While it may seem like creating the hottest Broadway musical in, well, forever, would leave you sitting pretty and unperturbed, that isn’t always true. In fact, Lin-Manuel Miranda’s cultural movement that is Hamilton has become so popular that the very idea of snatching up tickets to see it has become sort of a running joke. Those are the hottest tickets in town and people are doing crazy things to take advantage of that, including scalpers. There are always scalpers, but now they are making money off of Broadway and not just concerts and sporting events.
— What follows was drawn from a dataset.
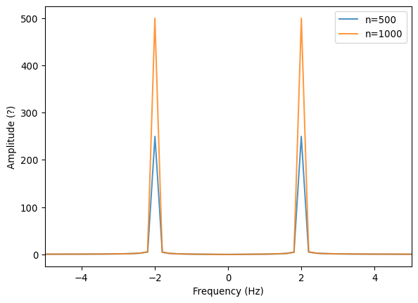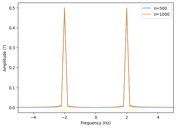 import matplotlib.pyplot as pltimport numpy as npdef get_sine_and_time(duration, freq, samples, amplitude=1):"""Return an array of time, sine with specified parameters""" time = np.linspace(0, duration, num=samples) sin = amplitude * np.sin(2* np.pi * freq * time)return time, sindef get_fft_and_freqs(time, signal):"""return the fft and corresponding frequencies of a signal""" fft = np.fft.fft(signal) dt = time[1] - time[0] # assuming evenly sampled freqs = np.fft.fftfreq(len(time), dt)return np.fft.fftshift(freqs), np.fft.fftshift(fft)def plot_amplitude_spectra(freqs1, fft1, freqs2, fft2, lims=(-5, 5)):"""plot amplitude spectra without normalization""" plt.plot(freqs1, np.abs(fft1), label=f"n={len(freqs1)}", alpha=0.8) plt.plot(freqs2, np.abs(fft2), label=f"n={len(freqs2)}", alpha=0.8) plt.xlabel("Frequency (Hz)") plt.ylabel("Amplitude (?)") plt.xlim(*lims) plt.legend()return plt.gca()duration =5# secondsfreq =2# Hzn1, n2 =500, 1000# number of samples# get two cases, one with 100 and 300 samplest1, sin1 = get_sine_and_time(duration, freq, n1)t2, sin2 = get_sine_and_time(duration, freq, n2)# get their transformsfreqs1, fft1 = get_fft_and_freqs(t1, sin1)freqs2, fft2 = get_fft_and_freqs(t2, sin2)# and plotax = plot_amplitude_spectra(freqs1, fft1, freqs2, fft2)plt.show()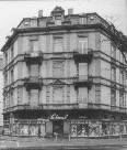 Spätklassizistische Mietshausgruppe von ca. 1858 als originelle Ecklösung. |

You see, it’s 2016 and everything is a bit classier in the realm of scalping.
Lin-Manuel Miranda is flexing his newfound cultural muscle in an attempt to shore up this strange gap in legislation that exists, says RollingStone, and he’s doing so with the support of New York senator Chuck Schumer. They’ve teamed up to push for Better On-line Ticket Sales Act of 2016 (also known as The BOTS Act), which looks to add federal restrictions on purchasing online tickets. Ironically enough, the BOTS Act targets scalpers who enlist the aid of “bots” that quickly scoop up tickets when they go on sale to then turn around and sell them at an incredible mark-up. Schumer painted a rather desolate picture of what consumers face thanks to these scalpers.
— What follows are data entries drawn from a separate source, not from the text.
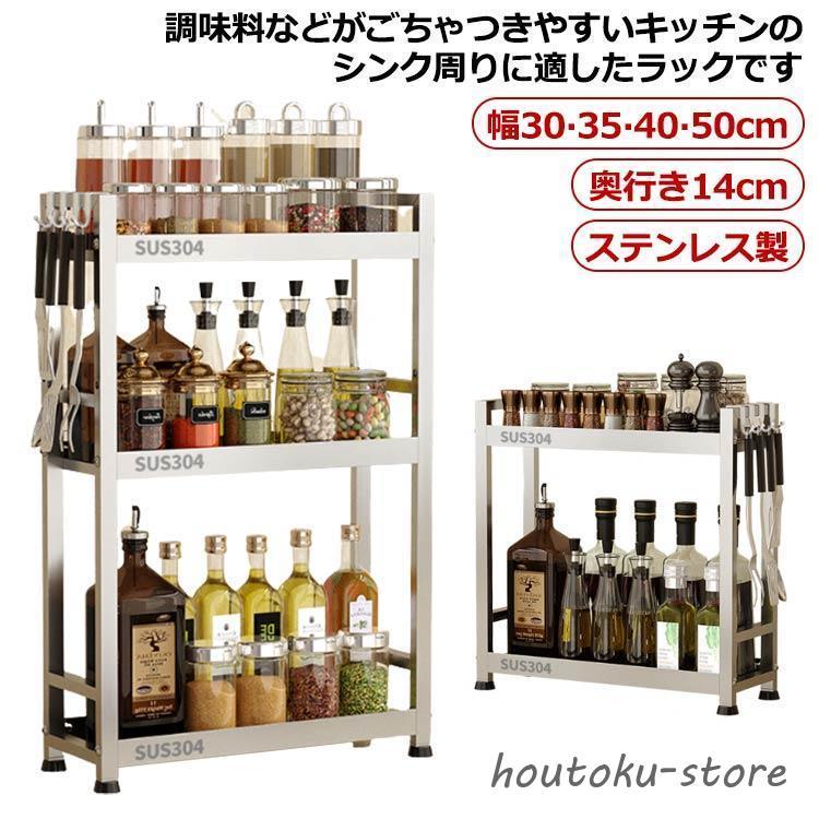 ■キッチンラック 2段 3段 台所 キッチン 卓上 ラック 棚 スリム ステンレス オープンラック シェルフ 調味料ラック スパイスラック カウン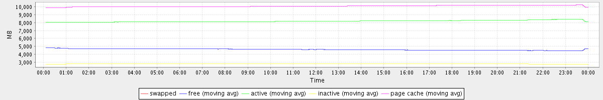 avg(swapped) = 0.00 avg(free) = 4594.95 avg(active) = 8200.01 avg(inactive) = 2803.00 avg(page cache) = 10104.28
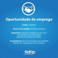 Para mais informações sobre a vaga, entre em contato com a ADOP pelo telefone: (31) 3551-1365. Os interessados podem entregar os curriculos impressos na sede da ADOP ( Rua Hugo Soderi, 21B - Saramenha) ou enviar para o e-mail produtoseservicos@adop.org.br, até sexta-feira (08/06)

“If the starting price for a ticket to Hamilton is $189, but the bots have been selling them from anywhere from $600 to $2,000 a ticket – just think how much money the people make.”
This isn’t the first time that Miranda has voiced his frustrations with scalpers, either, with him penning an op-ed in The New York Times earlier this year about how bots were killing Broadway. Their estimates are that over the span of 100 performances of Hamilton that scalpers walked away with over $15.5 million in profits.